**Problem to solve:** Leave out every picture, and restate word for word only the lines from the one containing "Pasaden asteburuko beroak" through the end of the material.

**Provided data:**
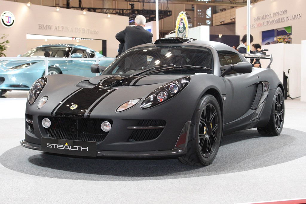 2009 : Salon de Tokyo (JAP) : Présentation des séries limitées Scura (Stealth pour le marché japonais) : moteur de l’Exige S260, embrayage renforcé, boîte de vitesses C64 à 6 rapports avec carter aluminium .diffuseur avant, échangeur, prises d’air latérales et console centrale en carbone, noir mat avec 3 filets noirs, intérieur avec frein à main et levier de vitesses en métal anodisé anthracite, inserts en carbone façon laque. Contrôle électronique de la traction et de la stabilité, différentiel électronique, amortisseurs réglables à 2 lois Öhlins, ressorts Eibach réglables, garde au sol réglable, jantes en aluminium forgé, pneus Yokohama 048LTS.
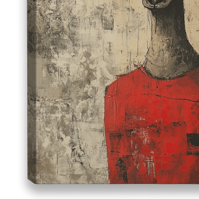 Animal in Red - Dieses abstrakte Tierbild zeigt ein Reh mit menschlichem Körper, das einen leuchtend roten Pullover vor einem verwaschenen, geschichteten Hintergrund in Beige- und Grautönen trägt.
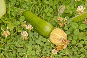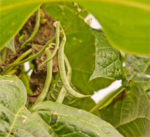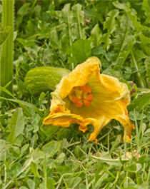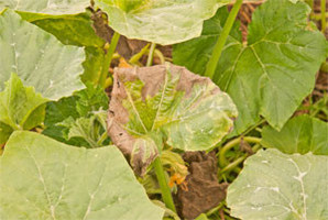 Pasaden asteburuko beroak ondorioak ekarri dute. Gure kalabazen hosto batzuk erre dira (5. argazkia), baina orokorrean beraien egoera oso ona da. Fruituak ikusten dira (6. argazkia).
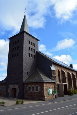 L'église Saint-Hubert présente des éléments architecturaux régionaux traditionnels avec une façade en pierre et des motifs géométriques dans sa conception.

**Answer box:**
 Pasaden asteburuko beroak ondorioak ekarri dute. Gure kalabazen hosto batzuk erre dira (5. argazkia), baina orokorrean beraien egoera oso ona da. Fruituak ikusten dira (6. argazkia).
 L'église Saint-Hubert présente des éléments architecturaux régionaux traditionnels avec une façade en pierre et des motifs géométriques dans sa conception.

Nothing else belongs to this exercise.